(GIVEN MATERIAL):
###

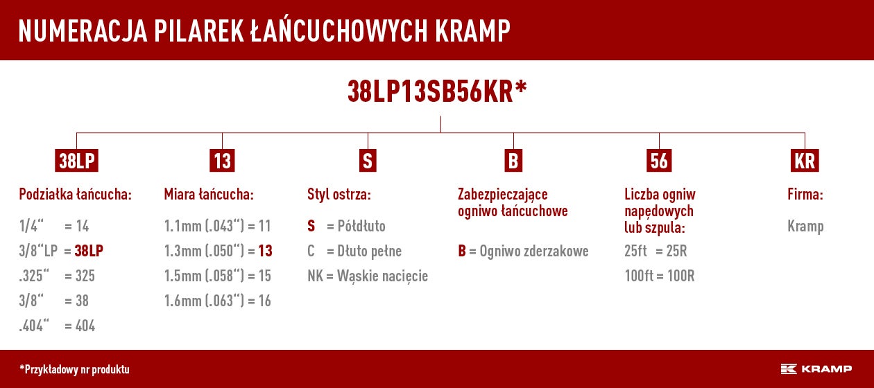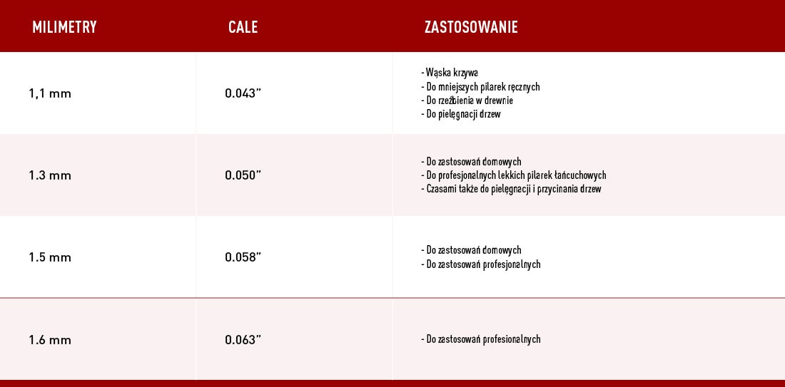 Skorzystaj z poniższego wykresu jako przewodnika, aby znaleźć odpowiedni łańcuch do swojej pilarki.
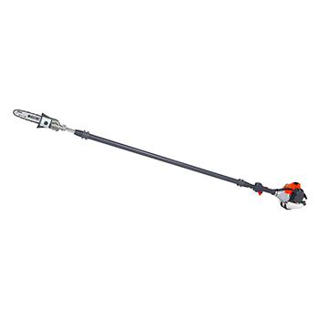 Tralasciamo i potatori telescopici a mano e restringiamo il campo ai potatori telescopici a motore, che hanno un sistema di taglio con barra e catena identico a quello di una motosega. Come il potatore a scoppio professionale PPX 271 di Oleo-Mac da 1 kW che monta barre da 25 cm, al pari di una motosega da potatura.
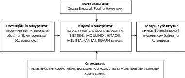 Товарами-субститутами для продукції ТзОВ є мультифункціональні кухонні комбайни та блендери вітчизняного і закордонного виробництва середньої цінової категорії.

###

(WHAT THE TASK ASKS):
Please copy the data shown above word for word, omitting the pictures.

(SOLVED EXERCISE):
 Skorzystaj z poniższego wykresu jako przewodnika, aby znaleźć odpowiedni łańcuch do swojej pilarki.
 Tralasciamo i potatori telescopici a mano e restringiamo il campo ai potatori telescopici a motore, che hanno un sistema di taglio con barra e catena identico a quello di una motosega. Come il potatore a scoppio professionale PPX 271 di Oleo-Mac da 1 kW che monta barre da 25 cm, al pari di una motosega da potatura.
 Товарами-субститутами для продукції ТзОВ є мультифункціональні кухонні комбайни та блендери вітчизняного і закордонного виробництва середньої цінової категорії.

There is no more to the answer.